Fannie Mae and Freddie Mac announce underwriting advisers
Fannie Mae and Freddie Mac, the world’s largest mortgage financing companies, announced on Monday the firms they will use as financial advisers for a future share offering, another step toward exiting their 12-year government conservatorships.
Fannie Mae, the bigger of the so-called government-sponsored enterprises, said it has chosen Morgan Stanley while Freddie Mac said it will use J.P. Morgan. Together, the two mortgage companies guarantee more than half of the $11 trillion outstanding U.S. home loans.
Announcing the advisers in the middle of the worst health crisis to hit the U.S. in more than a century underscores the Trump administration’s determination to end government control of the mortgage giants before “election risk” gets in the way. That’s the polite term pundits use to highlight the possibility that President Donald Trump may lose the election in November, which would leave Democrats to decide the fates of the two companies.
The newly announced advisers will help take Fannie and Freddie through steps that are necessary to leave federal conservatorship, including reviewing their business plans and strategies for recapitalizing the companies.

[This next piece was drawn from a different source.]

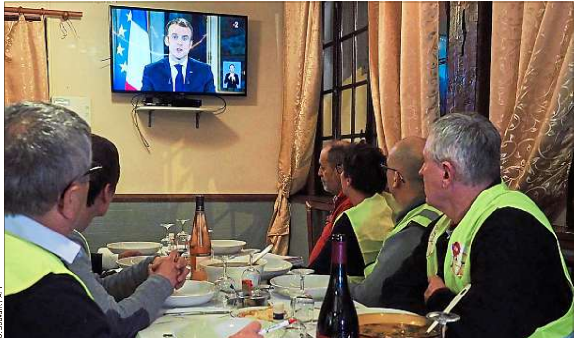
L'intervention du chef de l'Etat, lundi soir, était très attendue par les « gilets jaunes », comme ici près d'Orléans.

“We look forward to working with J.P. Morgan to continue meeting the milestones necessary to begin our new chapter as soon as possible,” said David Brickman, Freddie Mac’s CEO. “At the same time, our focus on supporting borrowers, renters and lenders in the face of COVID-19 is stronger than ever.”
In the dozen years since the companies were seized in 2008 by the federal government, which said they were on the brink of insolvency because of investments in subprime bonds, almost all of their profits have been directed into the coffers of the U.S. Treasury.
The bailout was a good deal for taxpayers. Combined, the companies have paid $120.6 billion more to the federal government than they received in bailout funds.
Last year, the Federal Housing Finance Agency said Fannie Mae would be permitted to retain earnings until its capital buffer hits $25 billion, while Freddie Mac was allowed to hold $20 billion. It was a first step toward “recap and release,” as the plan to recapitalize and free the companies is known.
In February, the FHFA hired Houlihan Lokey to advise it on ending the conservatorships. At the time, FHFA Director Mark Calabria said Fannie Mae and Freddie Mac would need to hire their own advisers.